How do to SCP from within my C++ program?

S

Saqib Ali

Hi.

I'm writing C++ code that is running on a Solaris system.

From within my C++ program, I need to copy files from one machine to
another using SFTP or SCP. I would like to learn how to do so
programatically.

There seems to be no standard C++ library (such as iostream, strings,
etc) that would do this. I don't know why. Can anyone explain this to
me? Without such a library, it seems my only option would be to run an
operating system call. However if I did so, a user would need to type
in a password during execution. That seems sub-optimal.

I wish there was a function that looked like this:

scp(sourceFile, targetMachine, targetUser, targetPassword, targetFile)
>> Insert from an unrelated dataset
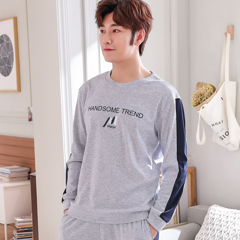 Мужская пижама, демисезонный хлопковый спортивный лонгслив для отдыха, большой размер

What do other people do in this situation?

Thanks much.
- Saqib
 
J

Jasen Betts

Hi.

I'm writing C++ code that is running on a Solaris system.
From within my C++ program, I need to copy files from one machine to
another using SFTP or SCP. I would like to learn how to do so
programatically.

every operating system is different, so there's no standard library
for spawing external programs.
There seems to be no standard C++ library (such as iostream, strings,
etc) that would do this. I don't know why. Can anyone explain this to
me?

ms windows doesn't have naything remotely like fork() or exec() or even
a real argv[]. it's basically too hard to do that sort of thing in
a standardisable way.
Without such a library, it seems my only option would be to run an
operating system call. However if I did so, a user would need to type
in a password during execution. That seems sub-optimal.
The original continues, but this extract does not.